> Requirement
Pictures aside, return all of the records exactly as they stand.

> Available data
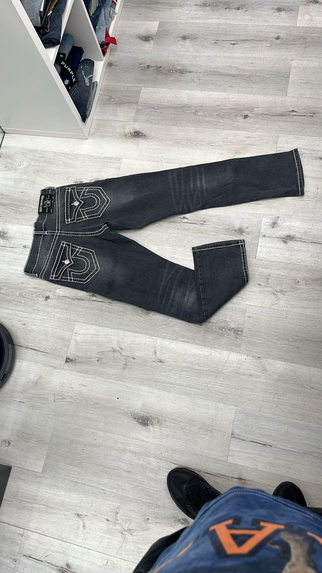 These grey True Religion jeans feature a rugged, modern wash with bold white contrast stitching that defines every seam and pocket. Crafted in the USA, they include the signature horseshoe-embroidered coin pocket and metal button detailing with True Religion branding. The faded whiskering across the thighs and subtle crease lines give them a worn-in, vintage look while keeping a sleek silhouette. These jeans strike a balance between streetwear edge and premium denim craftsmanship, making them a standout piece for casual or elevated urban outfits. Size shown is 30 - 38
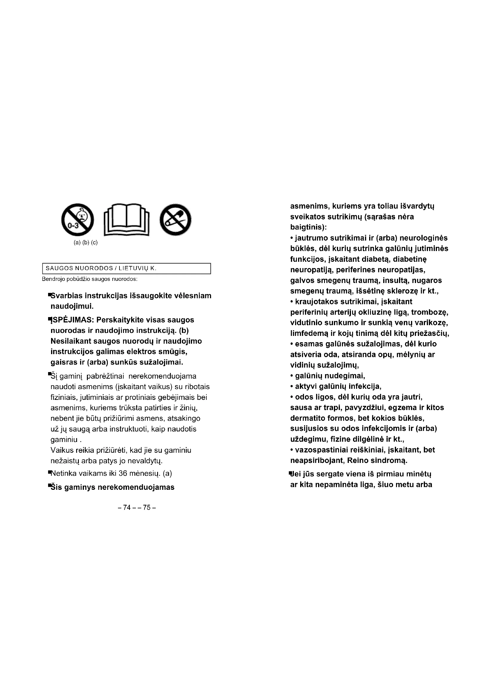 Jei jūs sergate viena iš pirmiau minėtų ar kita nepaminėta liga, šiuo metu arba (a) (b) (c) SAUGOS NUORODOS / LIETUVIŲ K. Bendrojo pobūdžio saugos nuorodos:
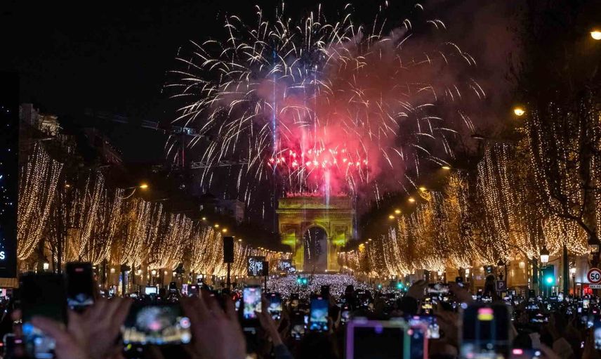 Yeni yılı karşılamak için Şanzelize Caddesi'nde toplanan binlerce kişi, Arc de Triomphe (Zafer Takı) Anıtı'na yansıtılan video gösterimleri ve ışık sunumlarını izledi. Eyfel Kulesi çevresinde düzenlenen ışık ve havai fişek gösterileriyle Paris semaları aydınlandı ve geri sayımın ardından coşkulu anlar yaşandı.
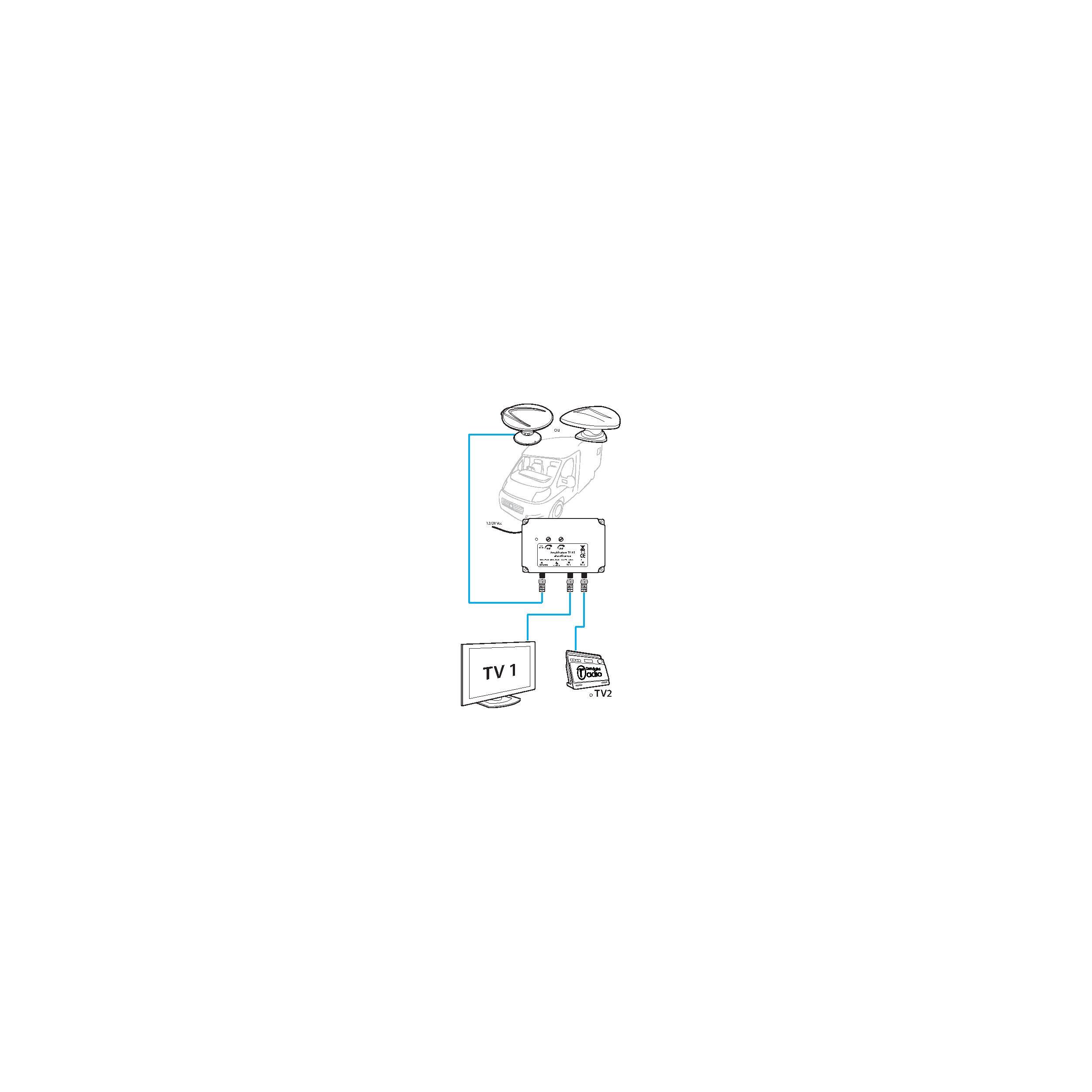 Gain max. : UHF 30 dB / VHF 26 dB. Dim. (H x Diam.) : 16 x 42 cm. Amplificateur 12/24/220 V avec deux sorties (TV + Radio). Avec câble coaxial à faible perte (5 m) et 2 connecteurs F.
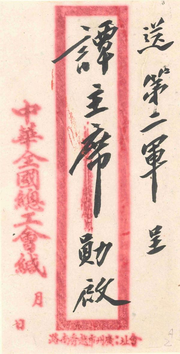 該札封套正中墨書“送第二軍呈譚主席勛啟”,封左下印有“中華全國總工會緘”,作扁體關防字樣。
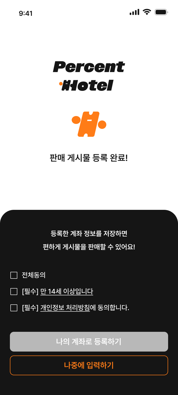 퍼센트호텔은 야놀자에서 구매한 숙소 중 무료취소가 불가능한 것을 빠르게 중고거래하는 플랫폼이다.

> Answer for this exercise
 These grey True Religion jeans feature a rugged, modern wash with bold white contrast stitching that defines every seam and pocket. Crafted in the USA, they include the signature horseshoe-embroidered coin pocket and metal button detailing with True Religion branding. The faded whiskering across the thighs and subtle crease lines give them a worn-in, vintage look while keeping a sleek silhouette. These jeans strike a balance between streetwear edge and premium denim craftsmanship, making them a standout piece for casual or elevated urban outfits. Size shown is 30 - 38
 Jei jūs sergate viena iš pirmiau minėtų ar kita nepaminėta liga, šiuo metu arba (a) (b) (c) SAUGOS NUORODOS / LIETUVIŲ K. Bendrojo pobūdžio saugos nuorodos:
 Yeni yılı karşılamak için Şanzelize Caddesi'nde toplanan binlerce kişi, Arc de Triomphe (Zafer Takı) Anıtı'na yansıtılan video gösterimleri ve ışık sunumlarını izledi. Eyfel Kulesi çevresinde düzenlenen ışık ve havai fişek gösterileriyle Paris semaları aydınlandı ve geri sayımın ardından coşkulu anlar yaşandı.
 Gain max. : UHF 30 dB / VHF 26 dB. Dim. (H x Diam.) : 16 x 42 cm. Amplificateur 12/24/220 V avec deux sorties (TV + Radio). Avec câble coaxial à faible perte (5 m) et 2 connecteurs F.
 該札封套正中墨書“送第二軍呈譚主席勛啟”,封左下印有“中華全國總工會緘”,作扁體關防字樣。
 퍼센트호텔은 야놀자에서 구매한 숙소 중 무료취소가 불가능한 것을 빠르게 중고거래하는 플랫폼이다.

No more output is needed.